START Data for the task
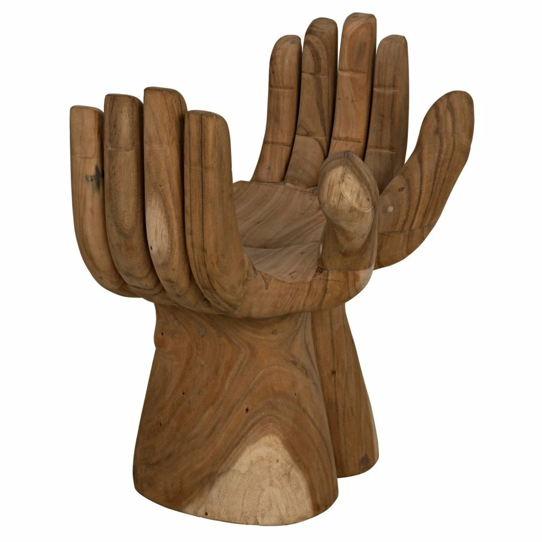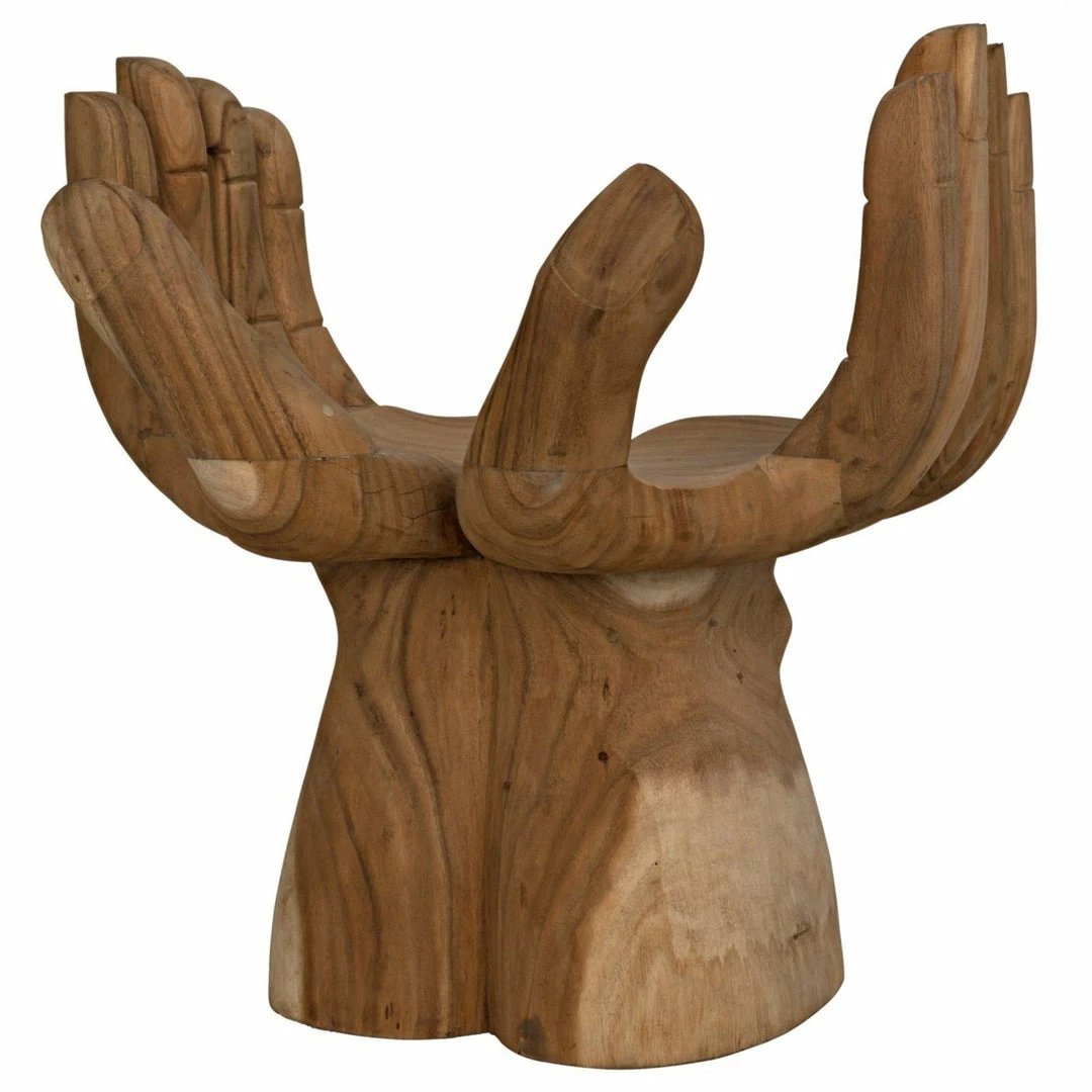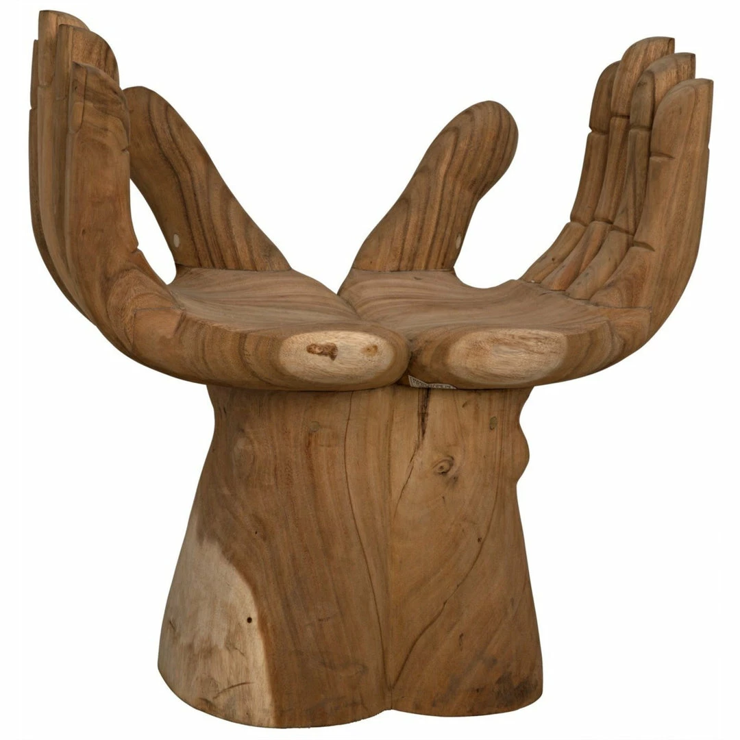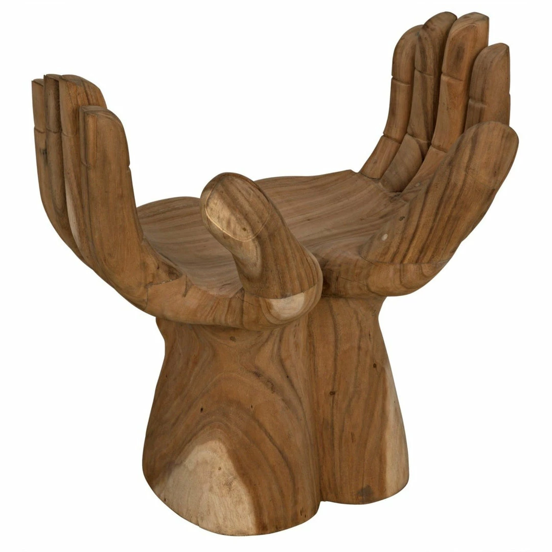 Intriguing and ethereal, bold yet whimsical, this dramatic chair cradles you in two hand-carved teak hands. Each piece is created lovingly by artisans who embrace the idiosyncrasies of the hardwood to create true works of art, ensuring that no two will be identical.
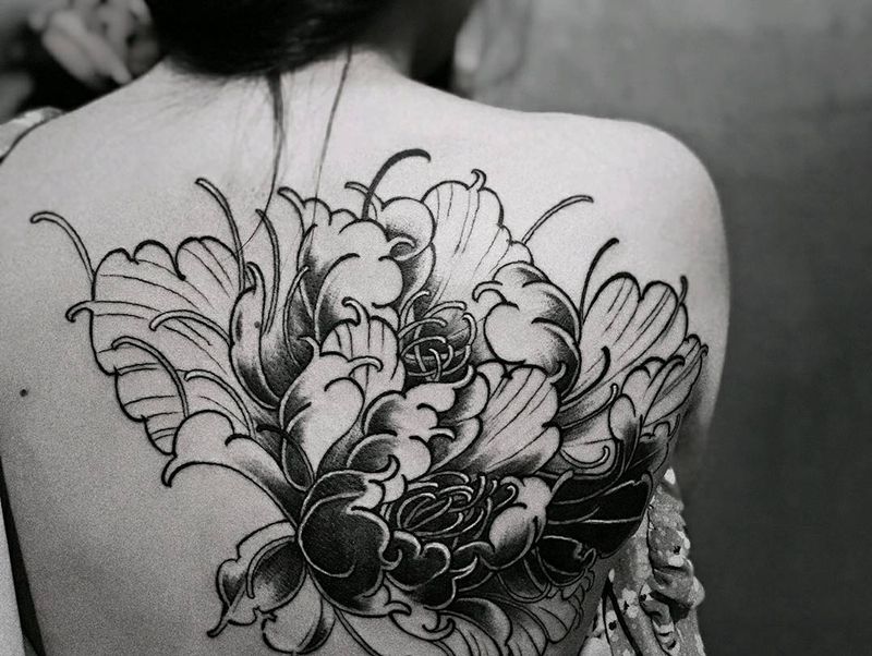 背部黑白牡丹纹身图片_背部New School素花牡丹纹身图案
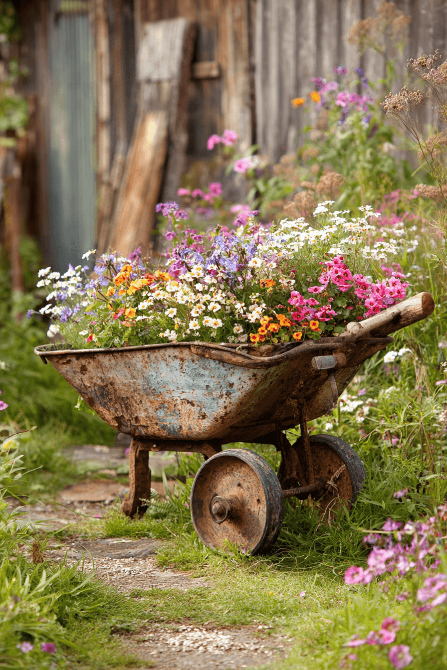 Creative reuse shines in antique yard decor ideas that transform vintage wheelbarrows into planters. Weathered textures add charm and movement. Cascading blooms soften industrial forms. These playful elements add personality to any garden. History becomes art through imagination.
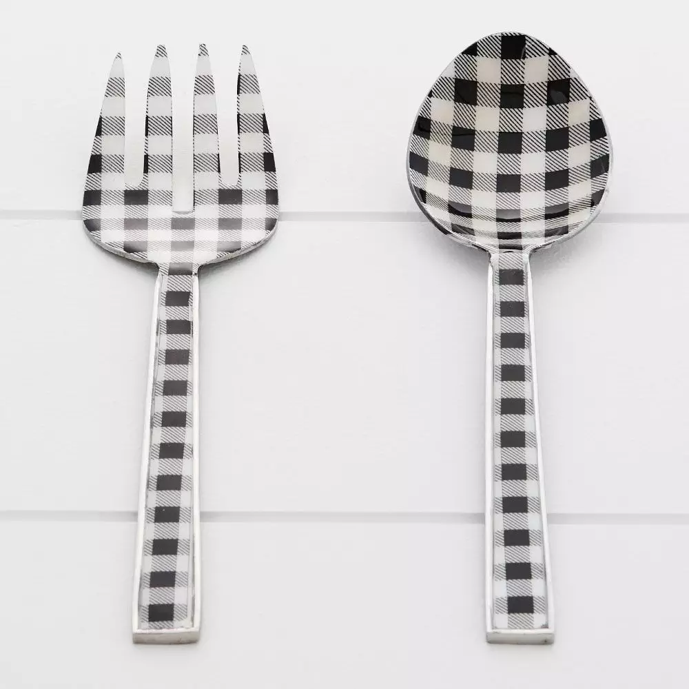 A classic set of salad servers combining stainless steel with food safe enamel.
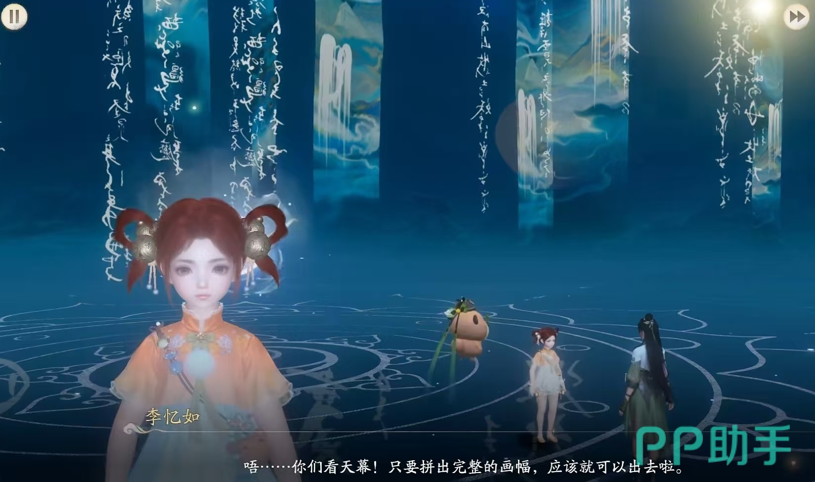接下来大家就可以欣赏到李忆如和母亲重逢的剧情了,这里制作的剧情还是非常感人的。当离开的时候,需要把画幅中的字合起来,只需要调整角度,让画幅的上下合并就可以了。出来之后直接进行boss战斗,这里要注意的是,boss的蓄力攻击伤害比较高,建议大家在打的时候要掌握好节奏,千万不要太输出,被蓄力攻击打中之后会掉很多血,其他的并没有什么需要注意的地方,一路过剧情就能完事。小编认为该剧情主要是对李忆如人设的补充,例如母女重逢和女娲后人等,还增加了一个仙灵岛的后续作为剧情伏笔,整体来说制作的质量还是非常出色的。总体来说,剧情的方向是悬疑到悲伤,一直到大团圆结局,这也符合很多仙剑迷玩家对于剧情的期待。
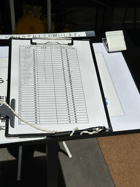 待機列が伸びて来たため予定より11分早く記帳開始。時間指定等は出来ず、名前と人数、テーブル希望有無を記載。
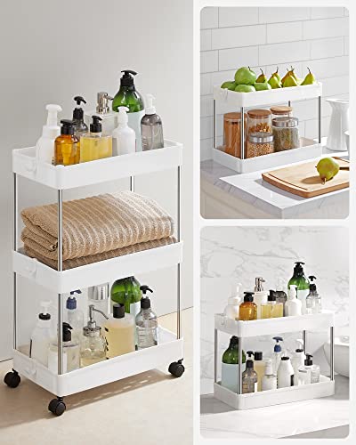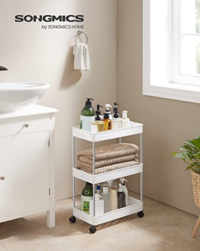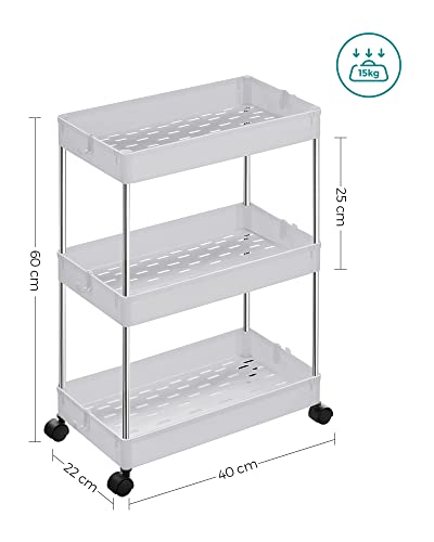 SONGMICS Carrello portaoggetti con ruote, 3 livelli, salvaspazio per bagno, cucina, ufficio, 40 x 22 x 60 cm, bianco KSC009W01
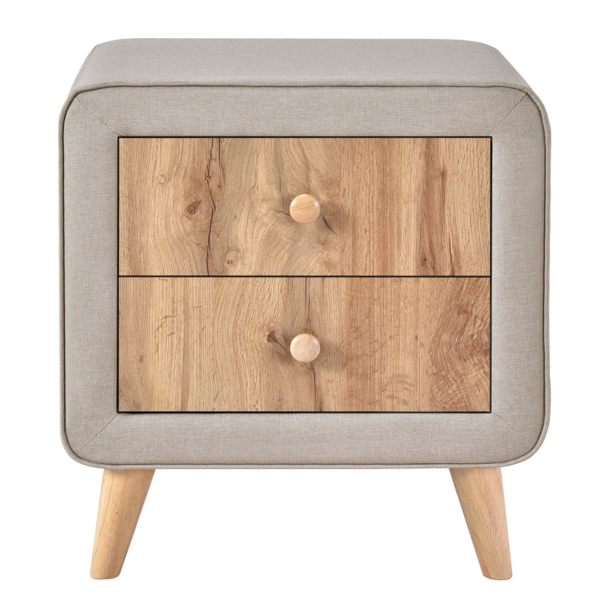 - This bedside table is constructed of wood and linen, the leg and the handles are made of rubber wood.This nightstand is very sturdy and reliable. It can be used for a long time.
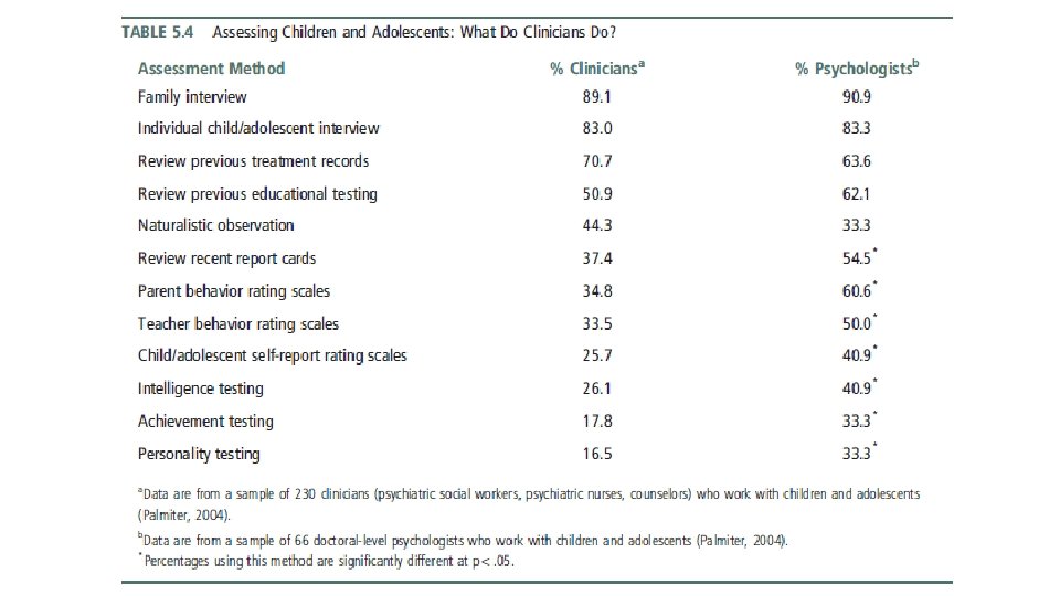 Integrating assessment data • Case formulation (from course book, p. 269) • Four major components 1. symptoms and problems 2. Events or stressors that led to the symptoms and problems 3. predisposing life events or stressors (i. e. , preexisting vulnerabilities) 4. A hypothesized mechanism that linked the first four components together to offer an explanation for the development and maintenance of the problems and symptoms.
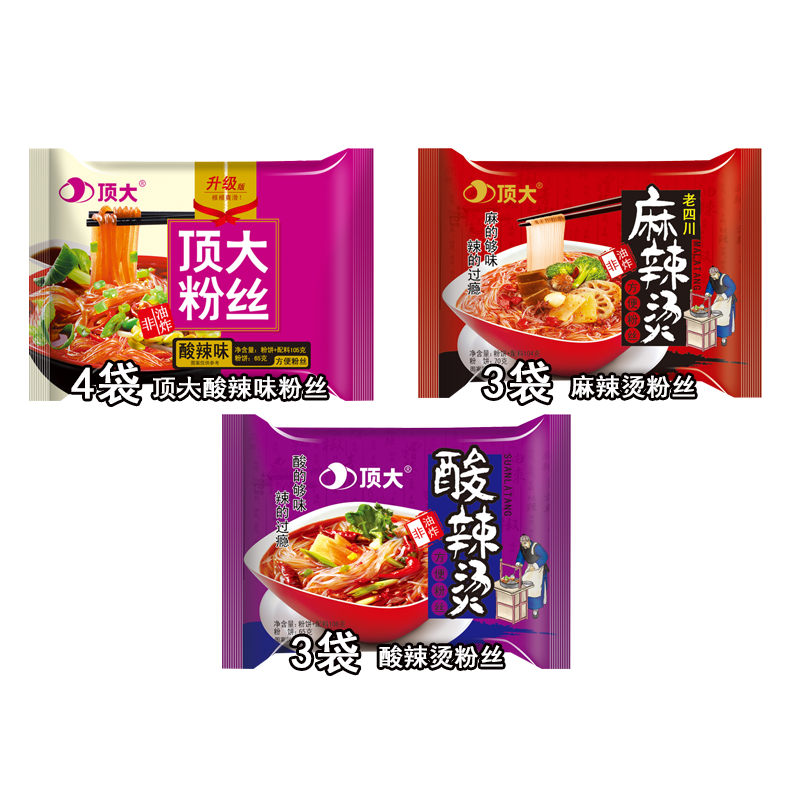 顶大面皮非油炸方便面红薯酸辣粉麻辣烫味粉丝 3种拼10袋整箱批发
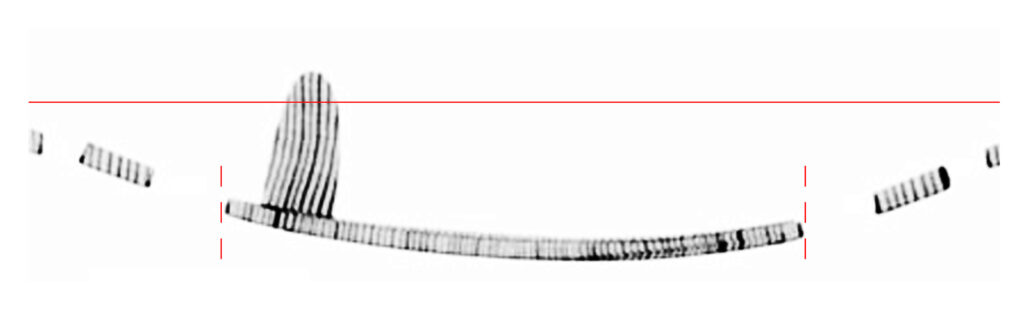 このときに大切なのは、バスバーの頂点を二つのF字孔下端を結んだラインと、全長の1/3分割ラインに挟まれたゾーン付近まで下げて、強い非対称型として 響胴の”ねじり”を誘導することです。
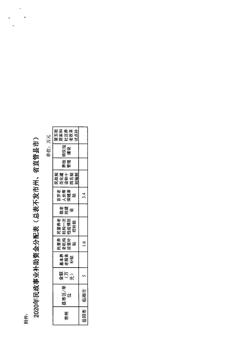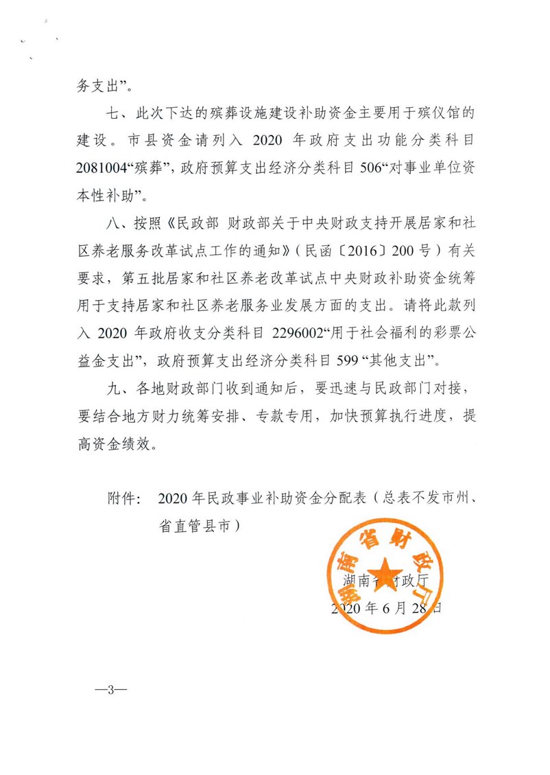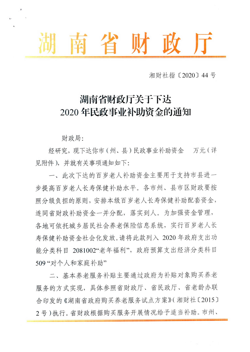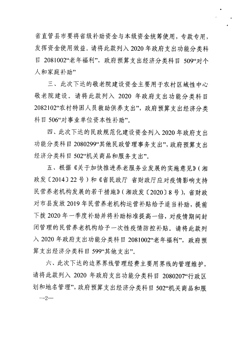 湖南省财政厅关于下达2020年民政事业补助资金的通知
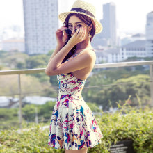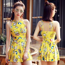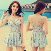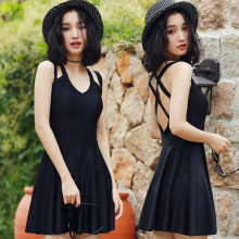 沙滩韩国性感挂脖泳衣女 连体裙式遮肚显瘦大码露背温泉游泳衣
END Data for the task
Restate word for word every line from the one with "背部黑白牡丹纹身图片_背部New School素花牡丹纹身图案" up to and including the one with "- This bedside" in the records above, minus the pictures.

 背部黑白牡丹纹身图片_背部New School素花牡丹纹身图案
 Creative reuse shines in antique yard decor ideas that transform vintage wheelbarrows into planters. Weathered textures add charm and movement. Cascading blooms soften industrial forms. These playful elements add personality to any garden. History becomes art through imagination.
 A classic set of salad servers combining stainless steel with food safe enamel.
接下来大家就可以欣赏到李忆如和母亲重逢的剧情了,这里制作的剧情还是非常感人的。当离开的时候,需要把画幅中的字合起来,只需要调整角度,让画幅的上下合并就可以了。出来之后直接进行boss战斗,这里要注意的是,boss的蓄力攻击伤害比较高,建议大家在打的时候要掌握好节奏,千万不要太输出,被蓄力攻击打中之后会掉很多血,其他的并没有什么需要注意的地方,一路过剧情就能完事。小编认为该剧情主要是对李忆如人设的补充,例如母女重逢和女娲后人等,还增加了一个仙灵岛的后续作为剧情伏笔,整体来说制作的质量还是非常出色的。总体来说,剧情的方向是悬疑到悲伤,一直到大团圆结局,这也符合很多仙剑迷玩家对于剧情的期待。
 待機列が伸びて来たため予定より11分早く記帳開始。時間指定等は出来ず、名前と人数、テーブル希望有無を記載。
 SONGMICS Carrello portaoggetti con ruote, 3 livelli, salvaspazio per bagno, cucina, ufficio, 40 x 22 x 60 cm, bianco KSC009W01
 - This bedside table is constructed of wood and linen, the leg and the handles are made of rubber wood.This nightstand is very sturdy and reliable. It can be used for a long time.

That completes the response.